I feel the same way Tinsel!
That's why I'm so hesitant to say anything. I don't want to kill hopes or squash dreams of the women in relationships with these men. By the time they reach out for help, they are often confused, anxious, and depressed. Leaving a long-term relationship, breaking up your family, placing yourself and kids at financial risk, losing your home, your friends, your partner...these are big, irreversible steps. And ones that can never be taken lightly.
I have a very hard time knowing what to say to women caught up in this mess. I want to help them, but I don't see a way clear without a lot of pain. But there are different kinds of pain. There is the pain of leaving and the pain of staying.
If I had stayed, I would have ended up in a mental hospital. I would have lost my kids no matter which choices I made. My husband was very abusive, manipulating, and demanding. I would have been gaslighted to the point where I would have broke. I was almost there. This was not about clothing choices. It was about messing with my mind. He was capable of doing whatever it took to keep me there with him and isolated. Suicide threats, accusations of child abuse, threatening to take my kids from me, deliberately causing me to doubt my memories, my thinking, my values. It took me a very long time to get back to a new normal.

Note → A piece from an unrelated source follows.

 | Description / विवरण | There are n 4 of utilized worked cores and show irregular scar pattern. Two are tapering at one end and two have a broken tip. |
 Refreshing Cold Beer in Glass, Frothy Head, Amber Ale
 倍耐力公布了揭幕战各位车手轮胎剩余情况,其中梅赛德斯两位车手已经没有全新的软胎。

I guess my position is that if a woman wants to get out, I will encourage her. I did not stay because I was strong. I stayed because I was weak. I was afraid...of everything. And the longer I stayed, the weaker and more confused I became.. I only became strong through leaving, come what may. I will never again allow someone else to do my thinking for me, to coerce me to go against my instincts, to dismiss my feelings.

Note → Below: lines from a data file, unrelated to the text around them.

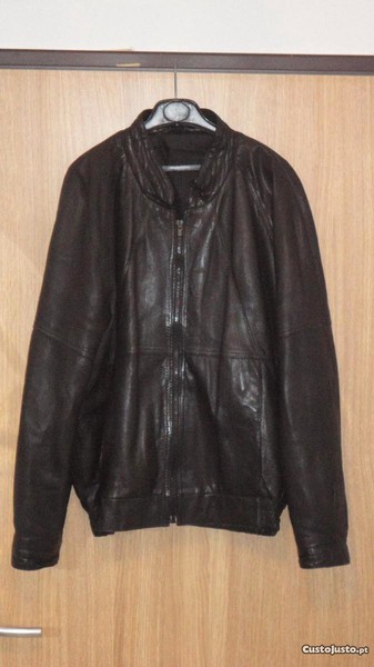 Casaco de cabedal unissexo cor preto, tamanho L.
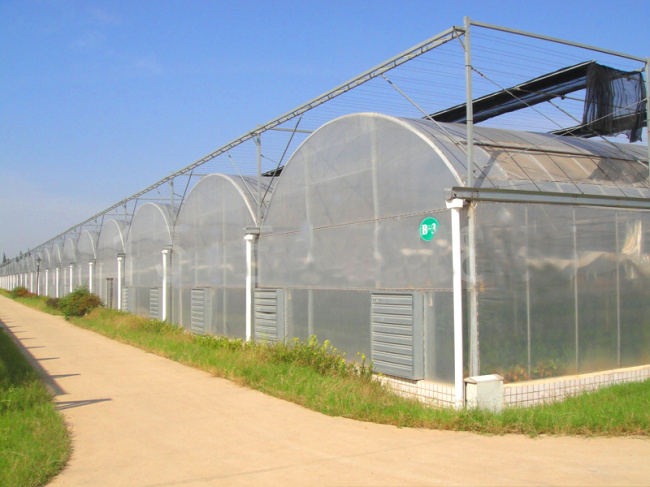 4、采用吸湿性良好的保温幕材料。透湿和吸湿性良好的保温幕材料,如无纺布能够阻止棚内表面结露,并可防止露水落到植株上,从而降低连栋温室空气湿度。
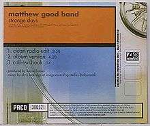 "Strange Days" is the third single from Canadian group Matthew Good Band's third studio album, Beautiful Midnight. The song peaked at #6 on Canada's Rock chart,[1] and is still one the band's most popular songs.
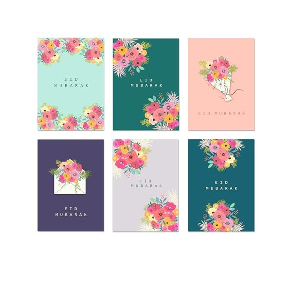 Multipack Eid Mubarak Cards - 6 Designs Fluer Collection

But the women who want to stay? I can't offer them comforting words, but I can urge them to trust their instincts and their eyes over the words they are told. I can offer them my story. I can let them draw their own parallels, if there are any. I am aware that my ex is perhaps an extreme example of an abusive autogynephile, but the underlying dynamics, the manipulation involved are just shades of grey IMHO. I have seen too much to be taken in by righteous anger or protestations of innocence. Just keep your eyes open.